The expected output is an exact copy of each line from the line with "Schtaer Mars 20" through the end of the data below, with no pictures in it.

### DATASET EXCERPT
--------------------------------------------------
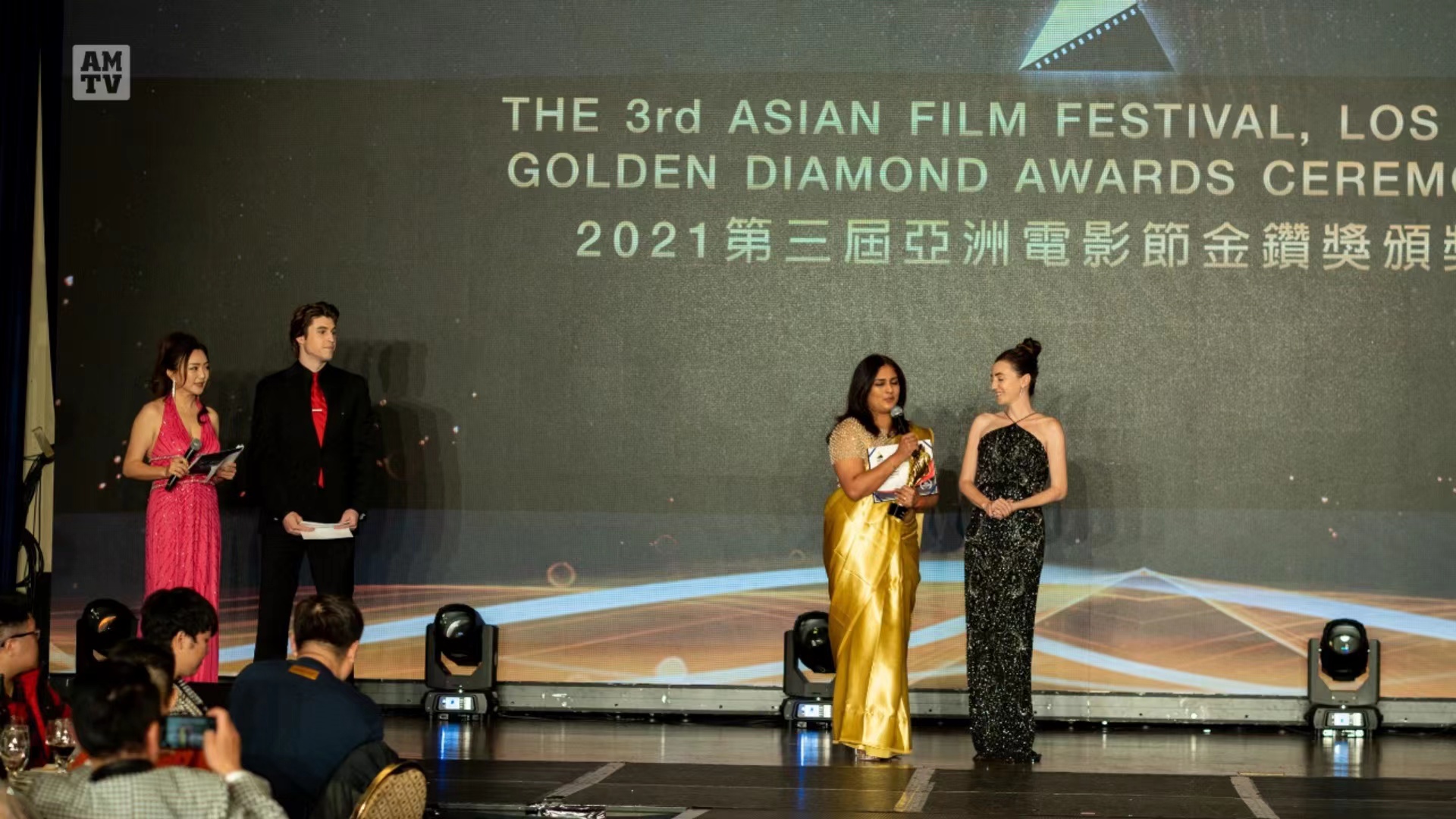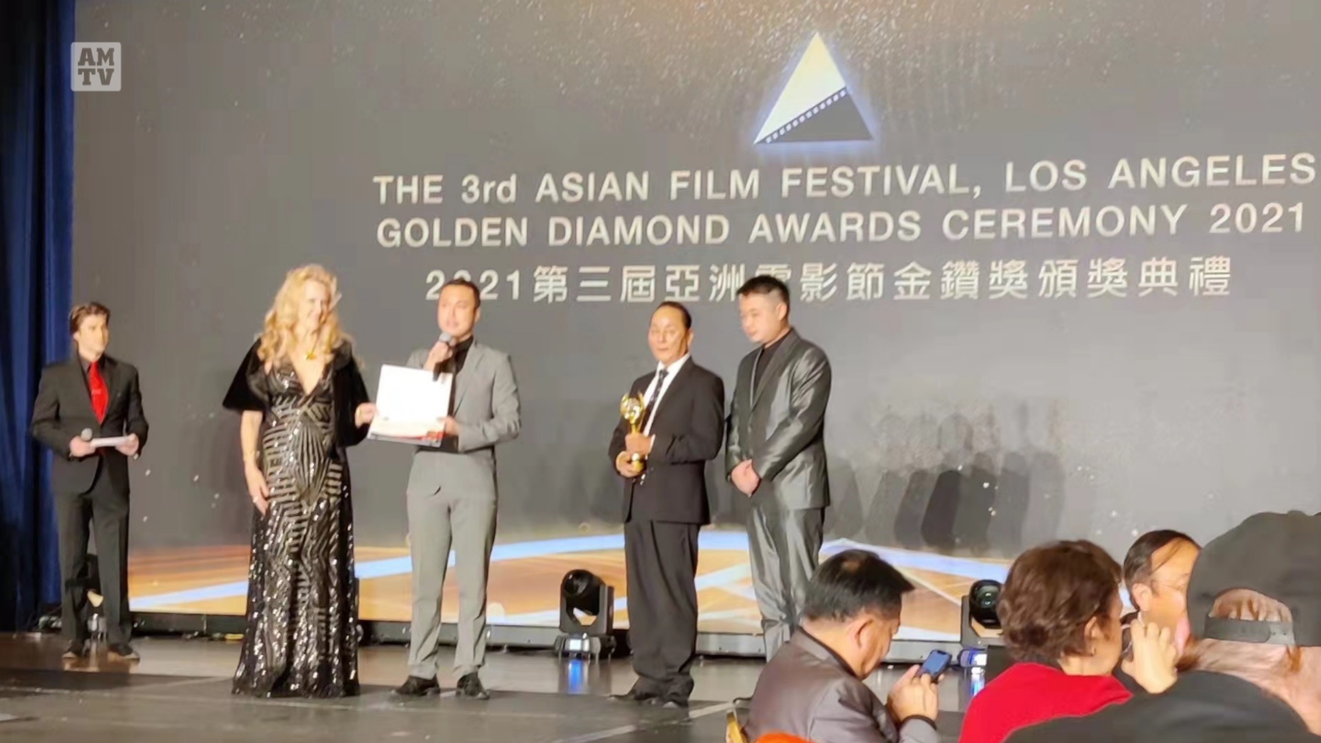 AFF亚洲电影节主席霍姆斯·斯托纳(Holmes Stoner )、AFF亚洲电影节共同主办利兹·莱顿(Leith Enron ),美国国际商会(AICC)行政总裁、会长英格·萨沃塔尔(Inge Sawerthal),奥斯卡金像得主、艾美奖得主理查德·安德森(Richard Anderson),前美国教育部助理副部长张曼君(Mariana Tse),以及亚洲电影节评委代表安伯·马丁内斯(Amber Martinez)和弗朗西斯卡·德罗米(Francesca Gioia Drommi)等颁奖嘉宾,在今天金钻奖颁奖盛典的舞台上给最佳影片奖、最佳纪录片奖、最佳动画片奖获得导演,以及最佳新导演奖最佳新秀、最佳儿童演员奖、最佳儿童女演员奖分别颁发金钻奖奖杯和证书。
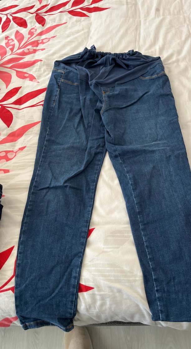 Lacivert bol kesim hamile kot pantolon, tokalı bel detayı ile günlük rahatlık sağlar. Normal boyda ve günlük kullanıma uygun tarzda.
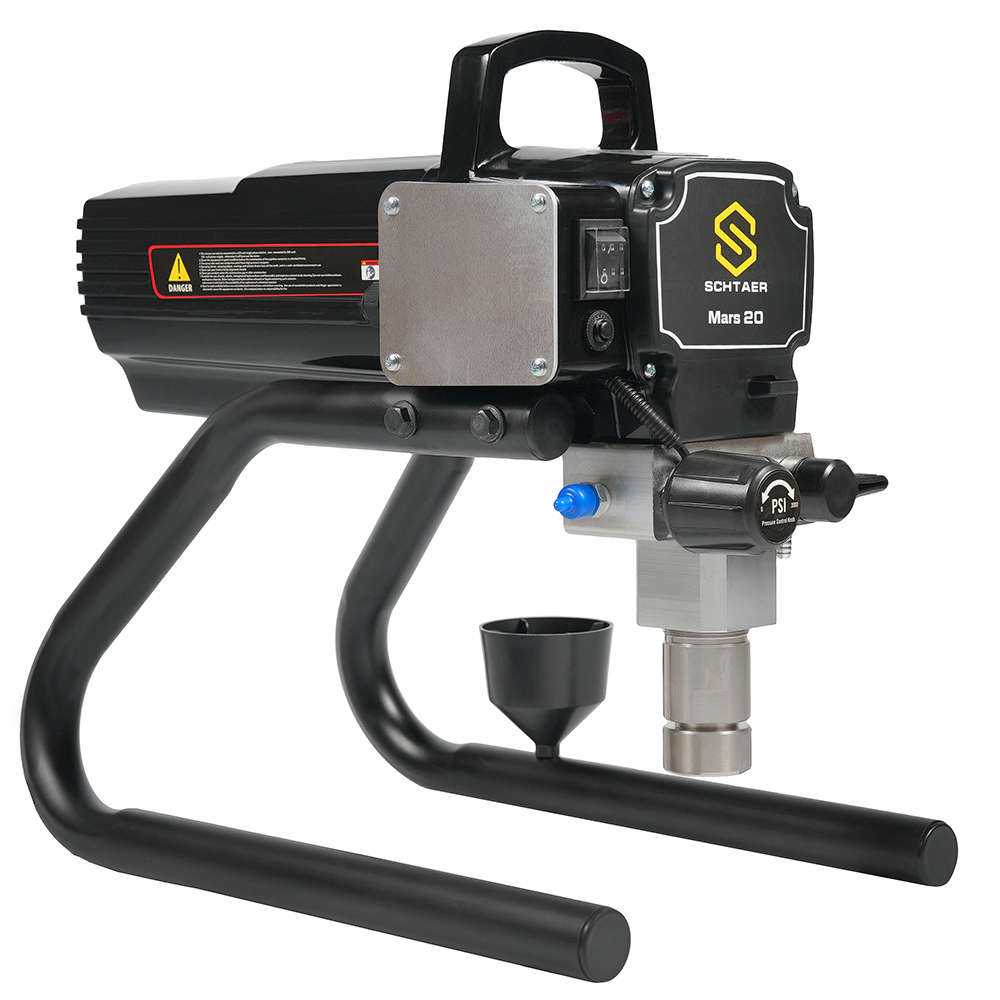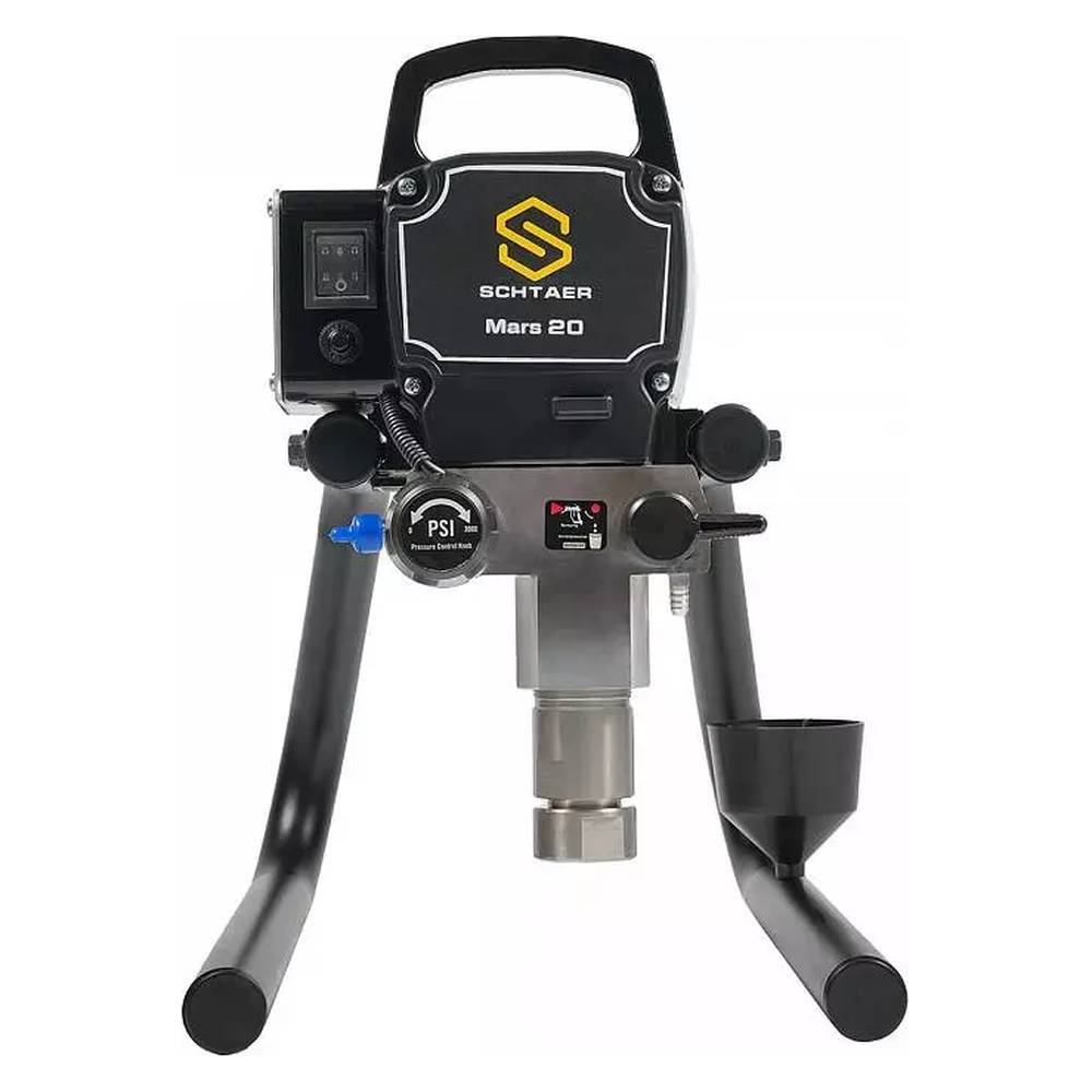 Schtaer Mars 20 предназначен для безвоздушного распыления разных строительных красок с максимальным давлением в 227 бар. Предназначен для нанесения лакокрасочных материалов низкой и средней вязкости на основе растворителя и на водной основе. Подключается к стандартной электрической сети с напряжением 220 вольт. Производительность этого агрегата составляет 2,2 л/мин.
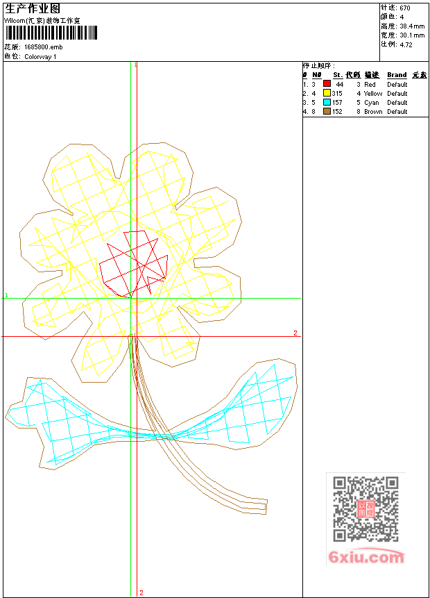 - emb花版参数: 大小:23.50 KB / 尺寸:30*38[毫米] / 针数:670针 / 线色:4 / 格式:emb / 版本:9
--------------------------------------------------
### SOLUTION FOR THIS EXERCISE
 Schtaer Mars 20 предназначен для безвоздушного распыления разных строительных красок с максимальным давлением в 227 бар. Предназначен для нанесения лакокрасочных материалов низкой и средней вязкости на основе растворителя и на водной основе. Подключается к стандартной электрической сети с напряжением 220 вольт. Производительность этого агрегата составляет 2,2 л/мин.
 - emb花版参数: 大小:23.50 KB / 尺寸:30*38[毫米] / 针数:670针 / 线色:4 / 格式:emb / 版本:9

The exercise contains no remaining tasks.